Diya Vij is a cultural producer in New York City. She is currently the Special Projects Manager for the Commissioner’s Unit at the New York City Department of Cultural Affairs where, in addition to managing several other new initiatives, she launched and co-directs the new Public Artist-in-Residence (PAIR) program that embeds artists in city government in order to address pressing civic challenges through creative practice. Prior to this position, Vij was the Communications Manager at the Queens Museum from 2011-2015. She has an MA in Art History from Hunter College and a BA from Bard College.

Program Facilitators

We are Frontview, a team of facilitators, curators, and writers operating to create artistic political encounters on meaningful scales, creating new relationships and intensifying existing ones. Our conceptual base is Buckminster Fuller’s Dymaxion map: a map that has no “correct” positioning, in which there is neither an up nor a down nor cardinal points of any kind. Frontview is a house representing a new form of art institution. Within the canopy of our home, we dedicate ourselves to hosting artists, thinkers, architects, activists, scientists, engineers and more to have a domain where they can foster their work collectively in and out of artistic concerns and practices. We integrate all mediums in a space that gives them the liberty to speak freely. Together we aim to actively create our futures rather than idly let the future happen to us. The collectives core team of curators are Mohammad Golabi, Patrick Jaojoco, and Lalita Salander.

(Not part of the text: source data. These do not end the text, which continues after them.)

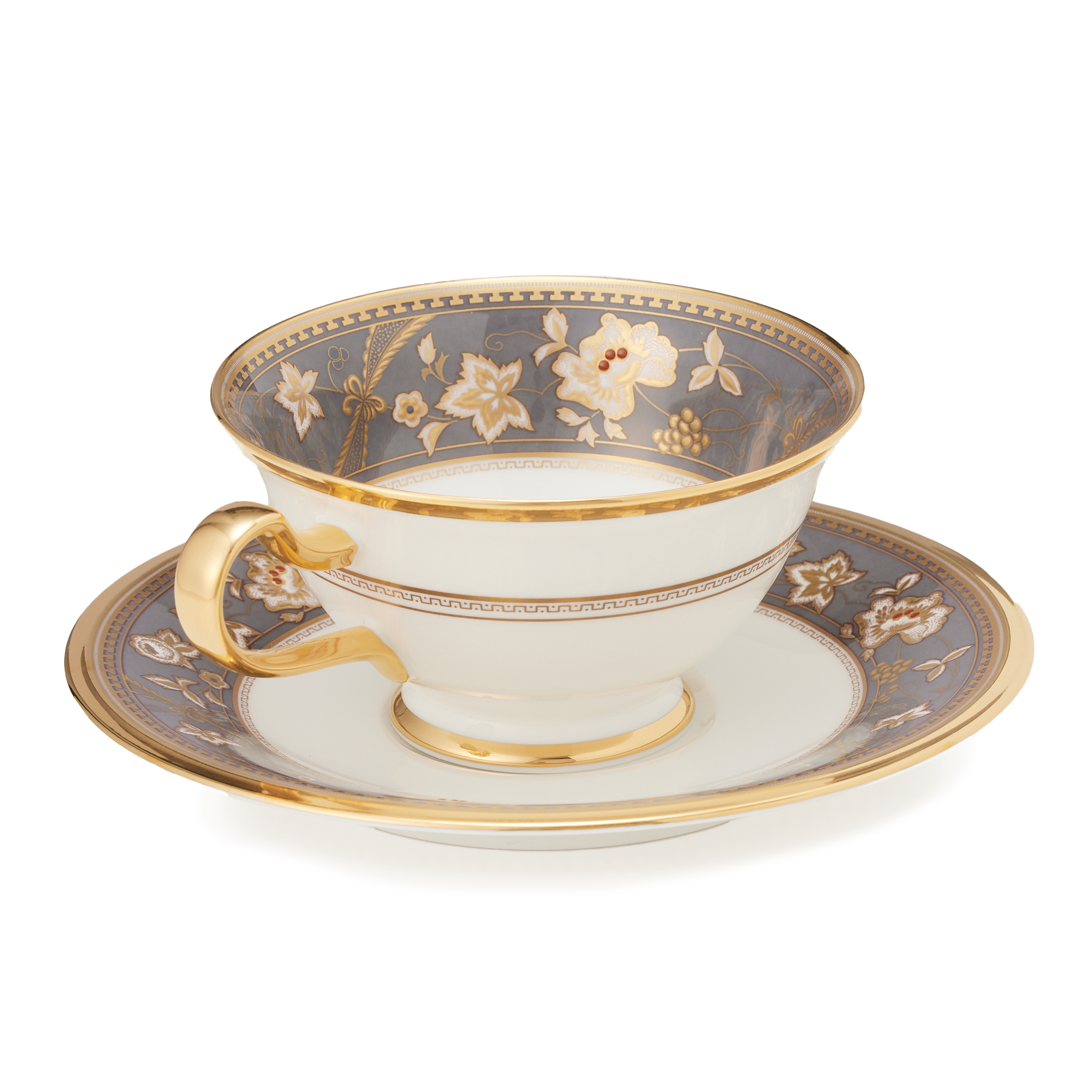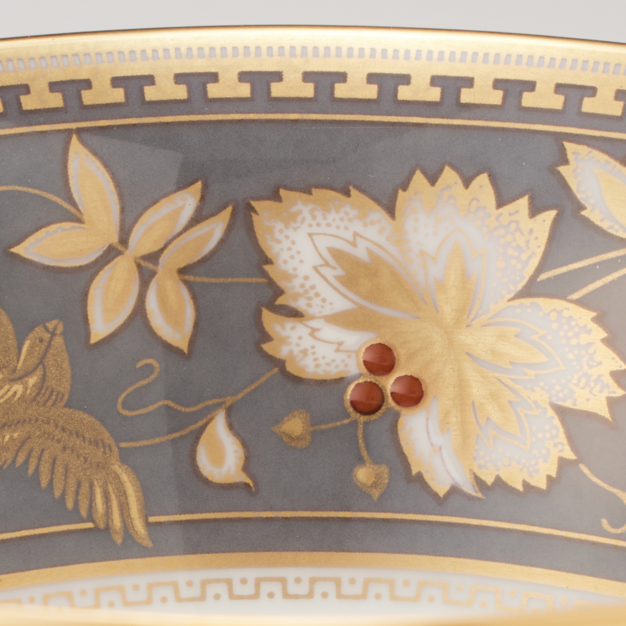 黄昏時の光のような金色に縁取られて、ほんのり浮かび上がる花鳥の風雅。そのきらめきは、なごやかな饗宴に荘厳な趣をたたえます
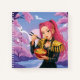 KPop Demon Hunters Mira Fanart with Chopsticks, Ramen, Pink Trees, Clouds with Blue Purple Background. Design by Sara Motolanez
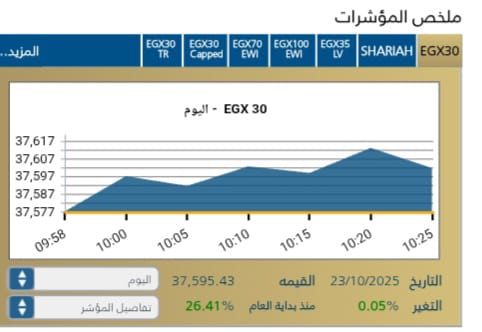 استهلت البورصه المصريه جلسة الخميس 23 اكتوبر على ارتفاع .

Roya Khadjavi Projects largely focuses on the works of young Iranian artists working both in Iran and beyond it’s borders, seeking not only to support their artistic endeavors but to also facilitate awareness and cultural dialogue between artistic communities. Our mission is to educate and cultivate the audience in the United States and to present and showcase young Iranian artists with emerging artists from other parts of the world who share similar backgrounds, philosophy, and social and political experiences. Our task is to demonstrate what happens when will power and culture is used to bring us together.